如何获得全文布尔搜索以获取术语C ++?

时间:2021-10-27 08:51:23

So, I need to find out how to do a fulltext boolean search on a MySQL database to return a record containg the term "C++".

所以,我需要找出如何在MySQL数据库上进行全文布尔搜索,以返回包含术语“C ++”的记录。

I have my SQL search string as:

我有我的SQL搜索字符串:

SELECT * 
FROM mytable 
WHERE MATCH (field1, field2, field3) 
AGAINST ("C++" IN BOOLEAN MODE) 

Although all of my fields contain the string C++, it is never returned in the search results.

虽然我的所有字段都包含字符串C ++,但它永远不会在搜索结果中返回。

How can I modify MySQL to accommodate this?
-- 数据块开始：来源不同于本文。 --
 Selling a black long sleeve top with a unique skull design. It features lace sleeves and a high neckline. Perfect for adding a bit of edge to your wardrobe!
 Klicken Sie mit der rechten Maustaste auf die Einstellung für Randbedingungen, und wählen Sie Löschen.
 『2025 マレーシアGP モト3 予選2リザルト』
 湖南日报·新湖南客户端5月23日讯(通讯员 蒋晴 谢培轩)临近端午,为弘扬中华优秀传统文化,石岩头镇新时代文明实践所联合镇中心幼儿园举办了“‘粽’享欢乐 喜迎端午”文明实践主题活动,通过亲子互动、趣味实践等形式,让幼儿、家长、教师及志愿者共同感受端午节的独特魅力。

Is it possible?

如何修改MySQL以适应这种情况?可能吗?

The only solution I have found would be to escape the + character during the process of entering my data as something like "__plus" and then modifying my search to accomodate, but this seems cumbersome and there has to be a better way.
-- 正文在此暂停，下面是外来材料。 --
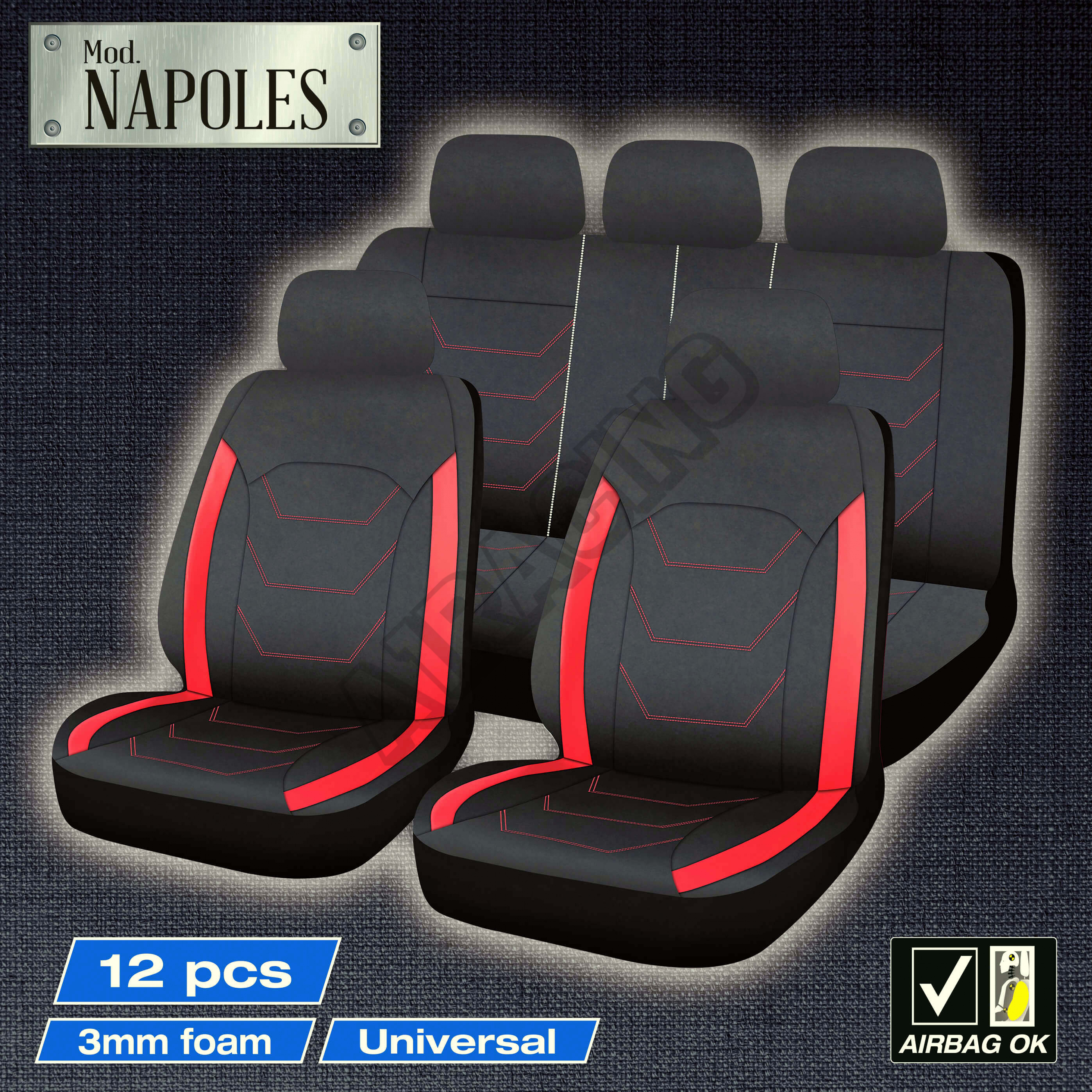 Luxusní univerzální autopotahy Napoles černo červené 12 ks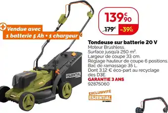 L'offre est disponible dans plusieurs magasins, vérifiez tous les produits pour obtenir le Tondeuse sur batterie 20 v le moins cher. Si vous souhaitez savoir si l'article est en vente avec une plus grosse remise dans un autre magasin, consultez la catégorie 'Bricolage'. Ces offres pourraient aussi vous intéresser : Tondeuse sur batterie 20 V, Tondeuse à batterie 2x20 v ecloz & Ecloz tondeuse à batterie 2x20 v ecloz.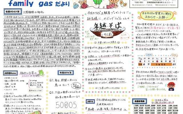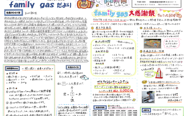 毎月発行!手書き新聞、ファミリーガス便り♪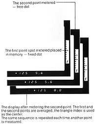 ï The digital values of both the shutter speed and the aperture appearing at the bottom of the viewfinder are sequential weighted averages calculated each time a point is metered.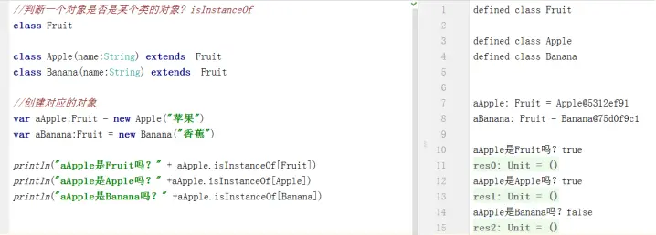其次,如果我们想判断一个对象是否是某个类的对象,跟Java一样可以使用isInstanceOf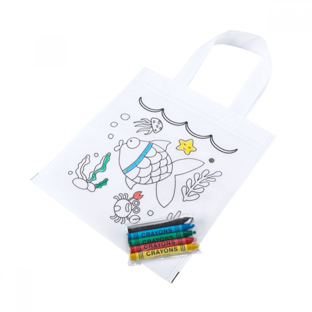 - Нетканый мешок с дизайном для раскрашивания. 5 карандашей в разных цветах в комплекте.

我发现的唯一解决方案是在输入我的数据的过程中转义+字符,如“__plus”,然后修改我的搜索以适应,但这似乎很麻烦,必须有一个更好的方法。

4 个解决方案

#1


8  

How can I modify MySQL to accommodate this?

如何修改MySQL以适应这种情况?

You'll have to change MySQL's idea of what a word is.

你必须改变MySQL对单词的看法。

Firstly, the default minimum word length is 4. This means that no search term containing only words of <4 letters will ever match, whether that's ‘C++’ or ‘cpp’. You can configure this using the ft_min_word_len config option, eg. in your my.cfg:

首先,默认的最小字长为4.这意味着不包含仅包含<4个字母的单词的搜索词将匹配,无论是“C ++”还是“cpp”。您可以使用ft_min_word_len配置选项配置它,例如。在你的my.cfg中:

[mysqld]
ft_min_word_len=3

(Then stop/start MySQLd and rebuild fulltext indices.)

(然后停止/启动MySQLd并重建全文索引。)

Secondly, ‘+’ is not considered a letter by MySQL. You can make it a letter, but then that means you won't be able to search for the word ‘fish’ in the string ‘fish+chips’, so some care is required. And it's not trivial: it requires recompiling MySQL or hacking an existing character set. See the section beginning “If you want to change the set of characters that are considered word characters...” in section 11.8.6 of the doc.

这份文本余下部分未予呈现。